= What you should do =
Word for word, restate the lines of the listing below from the line with "HIKVISION DS-2CE70DF0T-PF 2" through the line with "Délka balíku: 110;", and do not include the pictures.

= Dataset excerpts =
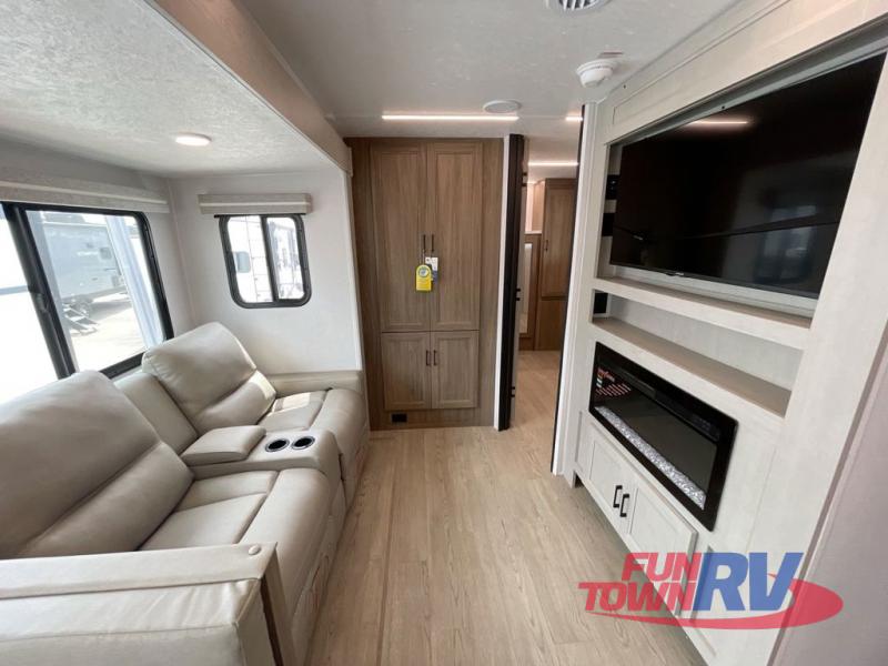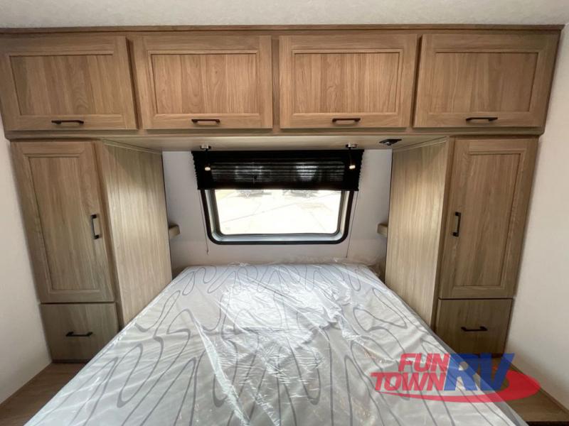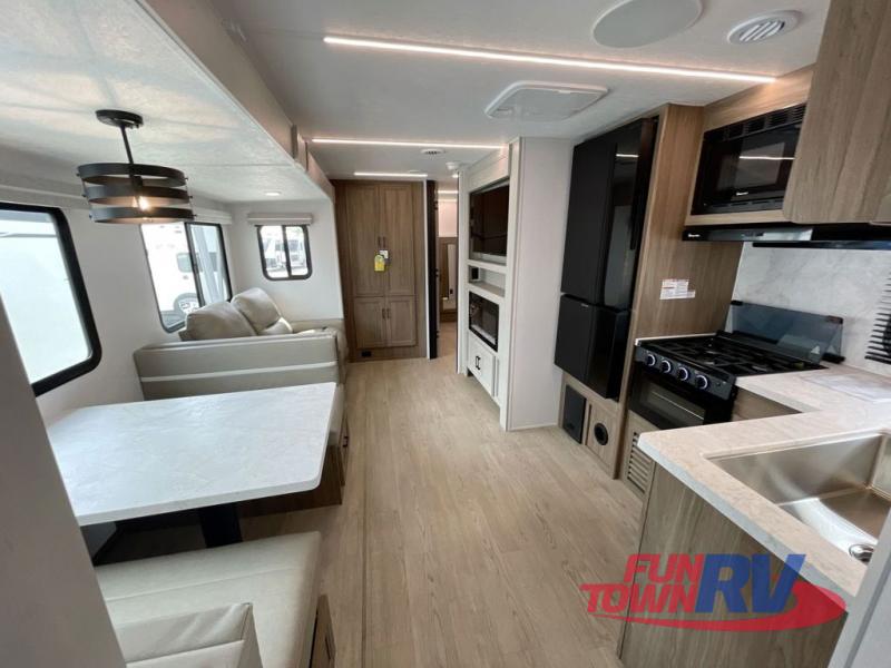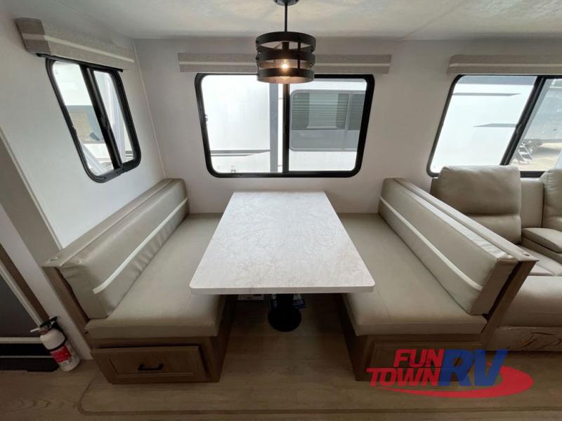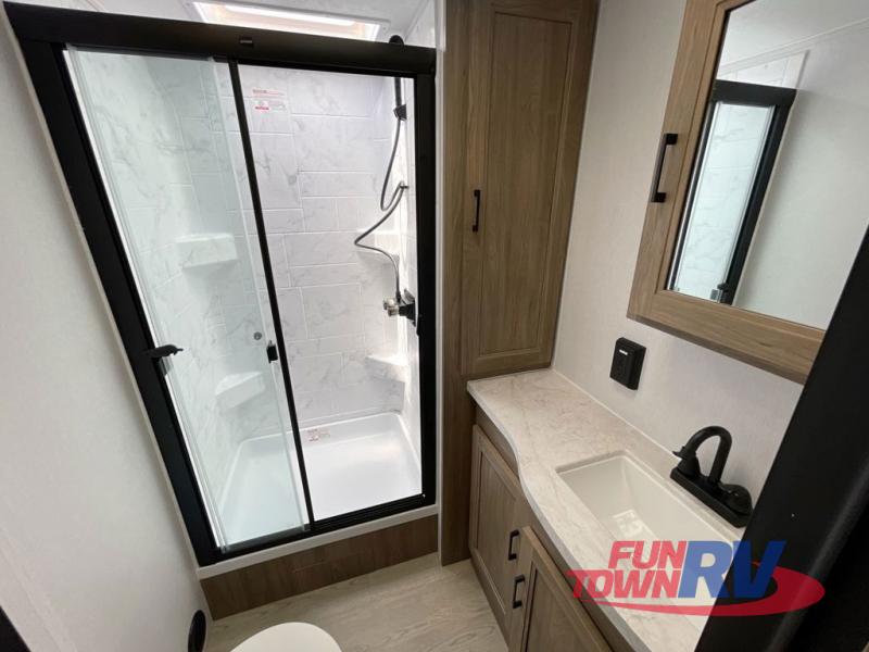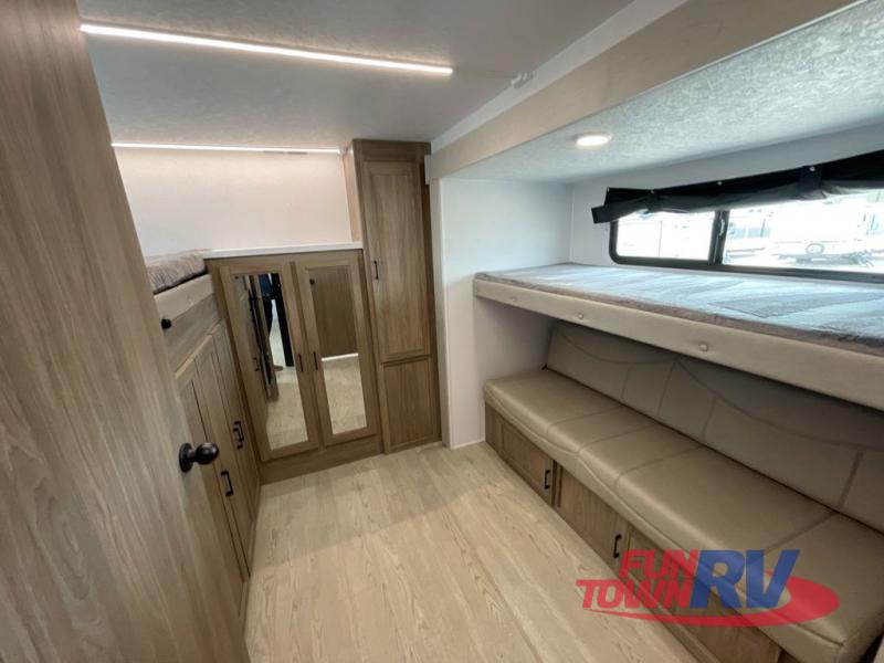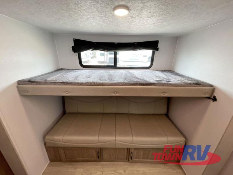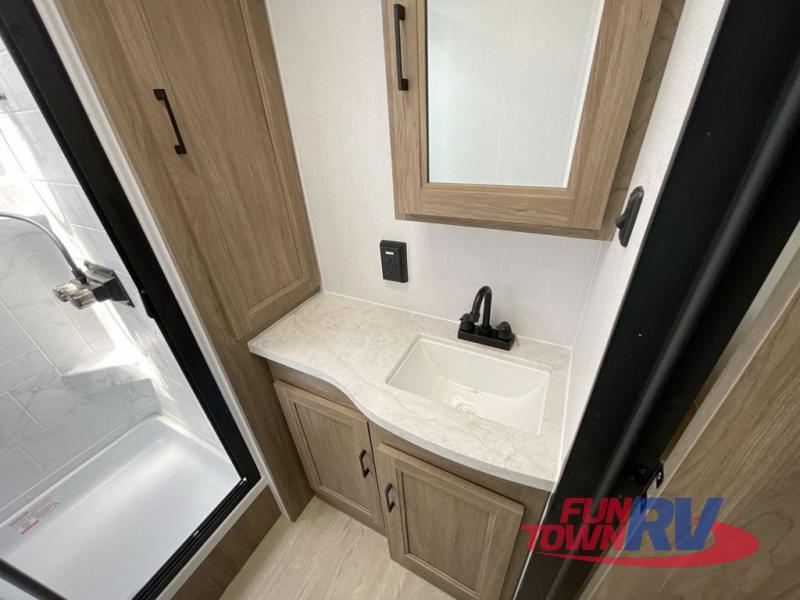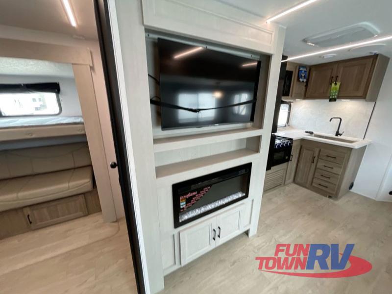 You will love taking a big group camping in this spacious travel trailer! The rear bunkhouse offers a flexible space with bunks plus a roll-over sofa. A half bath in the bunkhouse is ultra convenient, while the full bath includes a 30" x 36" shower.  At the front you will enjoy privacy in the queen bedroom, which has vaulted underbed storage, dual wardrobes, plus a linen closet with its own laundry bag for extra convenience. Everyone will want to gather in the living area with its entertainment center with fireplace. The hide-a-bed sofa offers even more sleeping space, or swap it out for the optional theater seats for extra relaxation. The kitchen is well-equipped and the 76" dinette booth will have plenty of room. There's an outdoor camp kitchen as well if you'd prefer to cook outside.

---

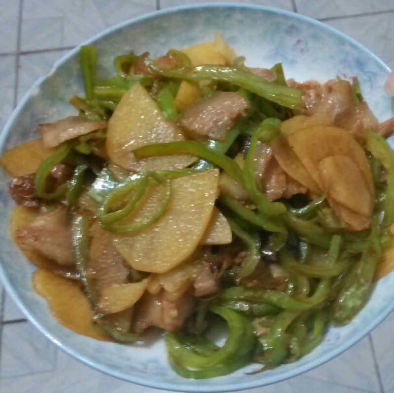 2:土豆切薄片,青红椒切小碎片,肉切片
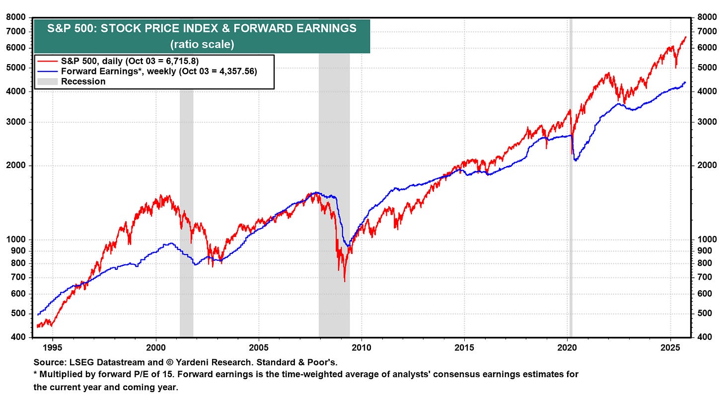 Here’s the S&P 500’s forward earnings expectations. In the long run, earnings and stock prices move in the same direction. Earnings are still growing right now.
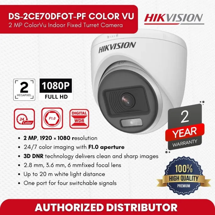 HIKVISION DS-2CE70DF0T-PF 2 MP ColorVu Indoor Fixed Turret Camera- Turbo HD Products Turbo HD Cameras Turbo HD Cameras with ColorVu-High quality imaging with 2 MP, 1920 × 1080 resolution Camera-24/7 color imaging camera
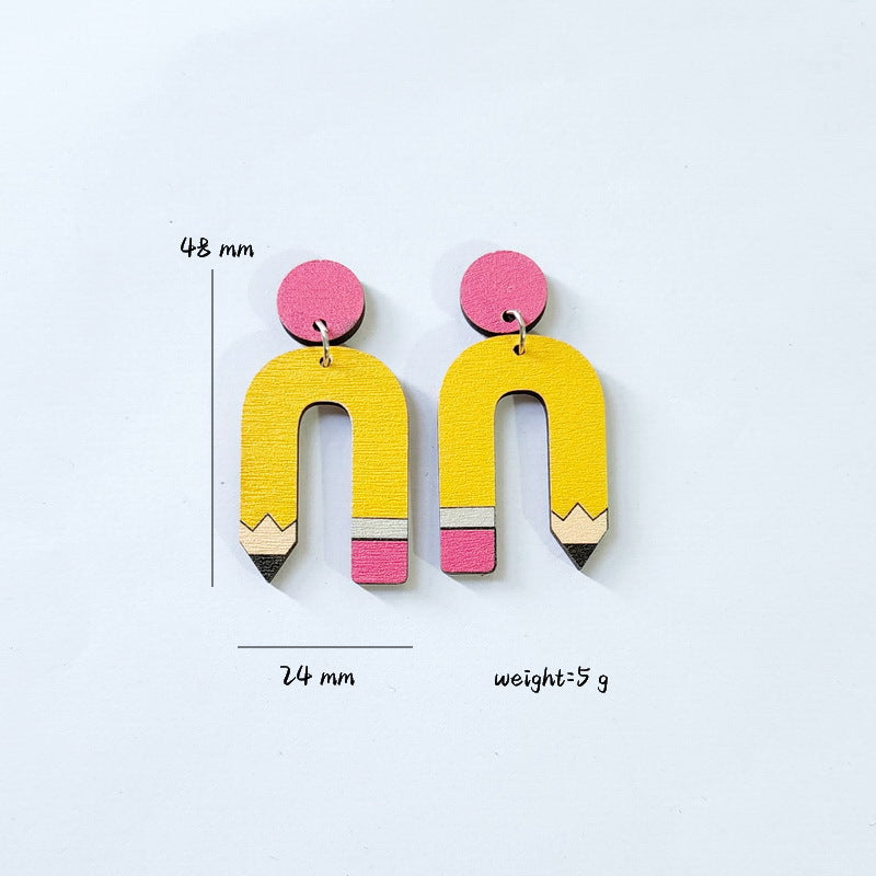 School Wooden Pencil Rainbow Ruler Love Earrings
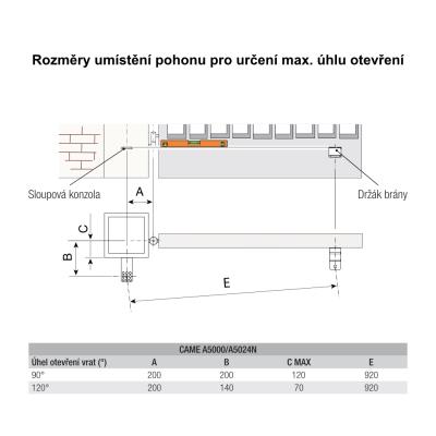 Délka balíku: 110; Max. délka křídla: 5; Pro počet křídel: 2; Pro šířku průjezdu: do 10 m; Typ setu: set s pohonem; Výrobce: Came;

= Task solution =
 HIKVISION DS-2CE70DF0T-PF 2 MP ColorVu Indoor Fixed Turret Camera- Turbo HD Products Turbo HD Cameras Turbo HD Cameras with ColorVu-High quality imaging with 2 MP, 1920 × 1080 resolution Camera-24/7 color imaging camera
 School Wooden Pencil Rainbow Ruler Love Earrings
 Délka balíku: 110; Max. délka křídla: 5; Pro počet křídel: 2; Pro šířku průjezdu: do 10 m; Typ setu: set s pohonem; Výrobce: Came;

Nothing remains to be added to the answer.